**Goal of the exercise:** Each line below needs to be duplicated without alteration.

**Data excerpt:**
----------------------------------------

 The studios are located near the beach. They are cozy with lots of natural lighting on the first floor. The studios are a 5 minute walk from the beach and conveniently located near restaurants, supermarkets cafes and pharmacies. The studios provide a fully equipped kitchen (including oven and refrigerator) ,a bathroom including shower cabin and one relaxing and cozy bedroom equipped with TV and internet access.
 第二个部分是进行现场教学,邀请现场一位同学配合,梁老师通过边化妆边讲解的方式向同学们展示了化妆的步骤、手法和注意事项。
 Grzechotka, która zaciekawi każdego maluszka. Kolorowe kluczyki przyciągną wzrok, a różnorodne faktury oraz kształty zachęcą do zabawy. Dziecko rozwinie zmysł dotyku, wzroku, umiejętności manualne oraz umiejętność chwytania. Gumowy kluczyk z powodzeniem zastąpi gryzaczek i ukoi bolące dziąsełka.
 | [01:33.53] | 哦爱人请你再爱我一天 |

----------------------------------------

**Finished task:**
 The studios are located near the beach. They are cozy with lots of natural lighting on the first floor. The studios are a 5 minute walk from the beach and conveniently located near restaurants, supermarkets cafes and pharmacies. The studios provide a fully equipped kitchen (including oven and refrigerator) ,a bathroom including shower cabin and one relaxing and cozy bedroom equipped with TV and internet access.
 第二个部分是进行现场教学,邀请现场一位同学配合,梁老师通过边化妆边讲解的方式向同学们展示了化妆的步骤、手法和注意事项。
 Grzechotka, która zaciekawi każdego maluszka. Kolorowe kluczyki przyciągną wzrok, a różnorodne faktury oraz kształty zachęcą do zabawy. Dziecko rozwinie zmysł dotyku, wzroku, umiejętności manualne oraz umiejętność chwytania. Gumowy kluczyk z powodzeniem zastąpi gryzaczek i ukoi bolące dziąsełka.
 | [01:33.53] | 哦爱人请你再爱我一天 |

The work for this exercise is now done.